DATA:
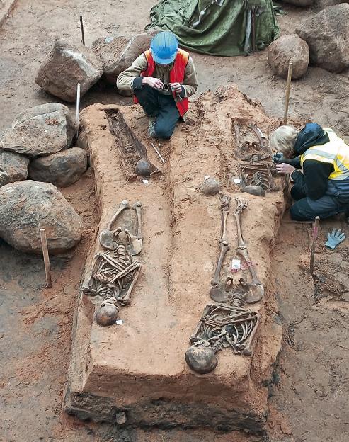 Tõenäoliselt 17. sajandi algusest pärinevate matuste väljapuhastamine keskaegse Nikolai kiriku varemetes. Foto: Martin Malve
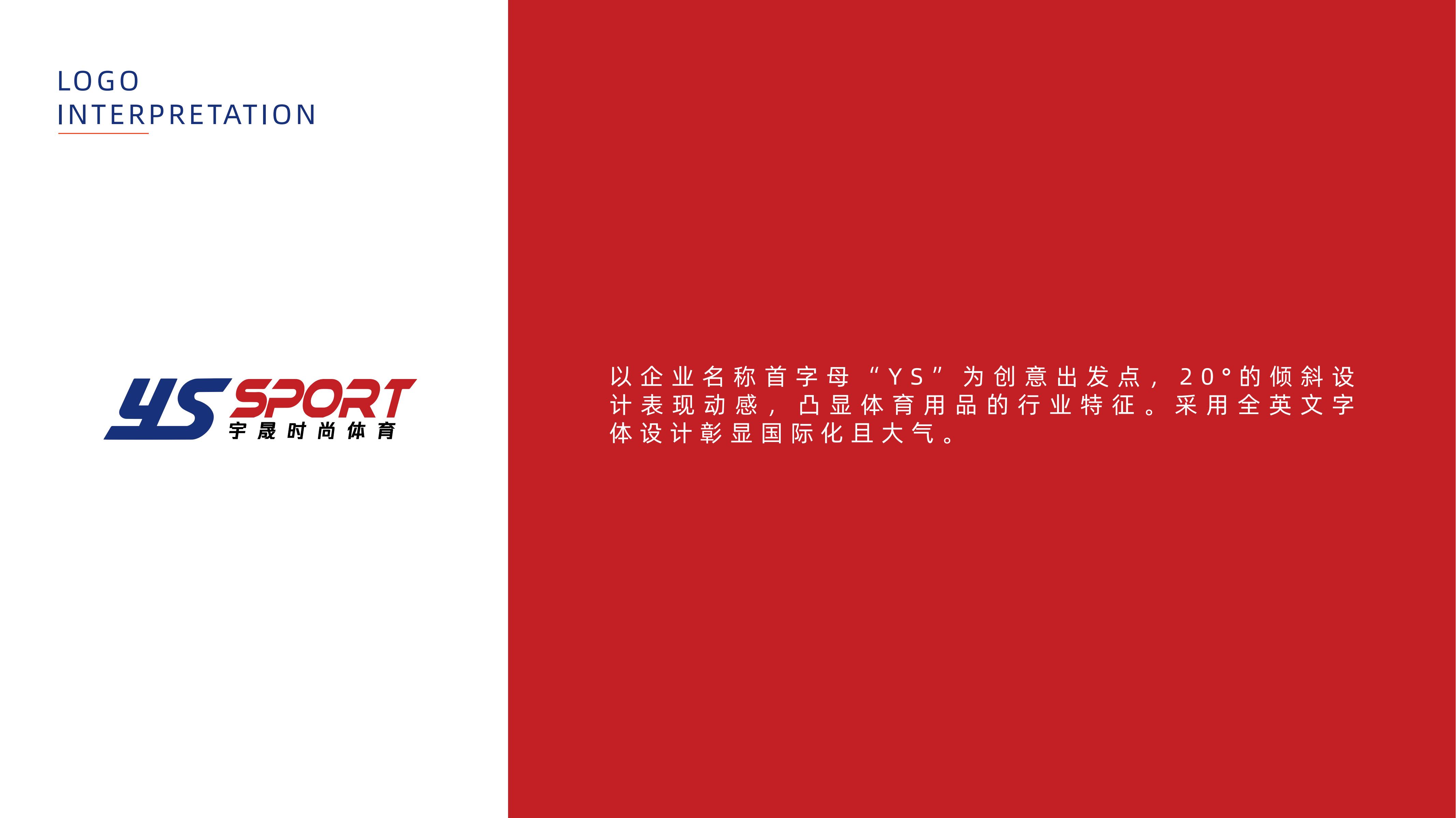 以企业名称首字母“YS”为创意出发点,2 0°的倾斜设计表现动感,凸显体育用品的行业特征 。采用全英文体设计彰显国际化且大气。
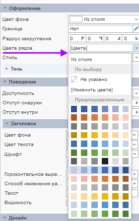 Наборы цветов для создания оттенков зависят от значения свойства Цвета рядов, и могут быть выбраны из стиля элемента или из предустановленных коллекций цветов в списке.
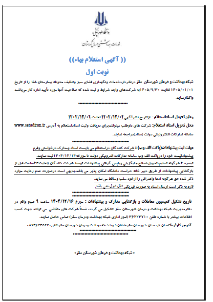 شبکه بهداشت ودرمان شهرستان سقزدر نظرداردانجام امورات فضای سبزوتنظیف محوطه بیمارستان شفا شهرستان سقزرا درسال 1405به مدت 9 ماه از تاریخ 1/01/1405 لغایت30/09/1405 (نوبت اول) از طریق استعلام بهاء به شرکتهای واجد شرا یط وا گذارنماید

YOUR ASSIGNMENT: The data above must be written out again word for word, without its pictures.

TASK RESPONSE:
 Tõenäoliselt 17. sajandi algusest pärinevate matuste väljapuhastamine keskaegse Nikolai kiriku varemetes. Foto: Martin Malve
 以企业名称首字母“YS”为创意出发点,2 0°的倾斜设计表现动感,凸显体育用品的行业特征 。采用全英文体设计彰显国际化且大气。
 Наборы цветов для создания оттенков зависят от значения свойства Цвета рядов, и могут быть выбраны из стиля элемента или из предустановленных коллекций цветов в списке.
 شبکه بهداشت ودرمان شهرستان سقزدر نظرداردانجام امورات فضای سبزوتنظیف محوطه بیمارستان شفا شهرستان سقزرا درسال 1405به مدت 9 ماه از تاریخ 1/01/1405 لغایت30/09/1405 (نوبت اول) از طریق استعلام بهاء به شرکتهای واجد شرا یط وا گذارنماید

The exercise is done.